CPSC411 -- Finite automata and Regular expressions
Lecture 9

Author: Robin Cockett
Date: 6 Feb 2002

Reading:
Louden: CH 2, especially 2.2, 2.3, 2.4
Dragon book: CH 3, especially 3.3, 3.6 - 3.9
(but you should read the whole chapter!)

Regular languages:

In the parsing stage of a compiler regular languages and their recognizing automata play an important role in (at least) two stages. This first is in the lexical analysis stage when the tokenizing of the input takes place. The second is in the bottom up parsing stage and the family of LR parsing algorithms which we are about to discuss which are the most commonly used tools for generating the front end.

It is important that you know the basic results on regular languages and automata: you should have covered most of this in cpsc313. The purpose of these notes is to provide a review of the salient points and in particular to remind you of the basic methods of transforming between the different representations of these languages and their recognizing automata.

Regular expressions:

What is a regular expression? We may specify a regular expression as follows (here we are actually specifying the syntax tree):

Given a set \Sigma of labels a regular expression is anything which can be formed using the following rules:

x \in \Sigma ---------- x : reg	--------- \epsilon : reg	--------- \empty : reg
r1 : reg r2 : reg ---------(union) r1 \| r2 : reg	r1 : reg r2 : reg ----------(seq) r1 r2 : reg	r : reg ----(star) r : reg*

These say:

Any label is itself a regular expression. So if \Sigma = { a, b, ...} then b would be a regular expression.
The empty string, \epsilon, is a regular expression.
The empty set is a regular expression.
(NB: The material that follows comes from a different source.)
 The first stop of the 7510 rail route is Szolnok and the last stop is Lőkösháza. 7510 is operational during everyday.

Note: we may have to parenthesize this operation to indicate precedence etc.
If r1 and r2 are regular expressions then r1 | r2 (the union) is a regular expression.
If r1 and r2 are regular expressions then r1 r2 (the sequence) is a regular expression.
If r is a regular expressions then r* (the Kleene star) is a regular expression.
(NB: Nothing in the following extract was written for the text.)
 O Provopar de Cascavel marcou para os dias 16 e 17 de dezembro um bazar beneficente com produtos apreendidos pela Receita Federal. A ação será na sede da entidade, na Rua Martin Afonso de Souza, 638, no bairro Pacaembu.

A regular expression represents a set of strings the membership rules for regular expresssions are as follows:

---------- [x] \in x : reg	-------------- [] \in \epsilon : reg
L \in r1 : reg ------------(left union) L \in r1 \| r2 : reg	L \in r2 : reg ------------(Right union) L \in r1 \| r2 : reg
L1 \in r1: reg L2 \in r2 :reg --------------------(sequencing) L1 ++ L2 \in r1 r2 : reg
----------(basis star) [] \in r : reg*	L1 \in r : reg L2 \in r : reg* ---------------------(step star) L1 ++ L2 \in r : reg*

where ++ stands for the concatonation of strings.

These rules say:

The singleton string [x] is one of the strings described by the regular expression x.
The empty string [] is one of the strings described by the regular expression \epsilon (it is also the only such string).
If the string L1 is one of the strings described by the regular expression r1 then L1 is one of the strings described by the regularexpression (r1 | r2).
If the string L2 is one of the strings described by the regular expression r2 then L2 is one of the strings described by the regularexpression (r1 | r2).
If the string L1 is one of the strings described by the regular expression r1 and if the string L2 is one of the strings described by the regular expression r2 then the string L1 ++ L2 is one of the strings described by the regular expression r1 r2.
The empty string [] is always one of the strings described by a Kleene star of a regular expression.
If L1 is one of the strings described by the regular expression r and L2 is one of the strings described by r* then L1++L2 is also one of the strings described by r* .

Notice that nothing is in (\empty b*c) and (\empty | ab) has the same membership as ab.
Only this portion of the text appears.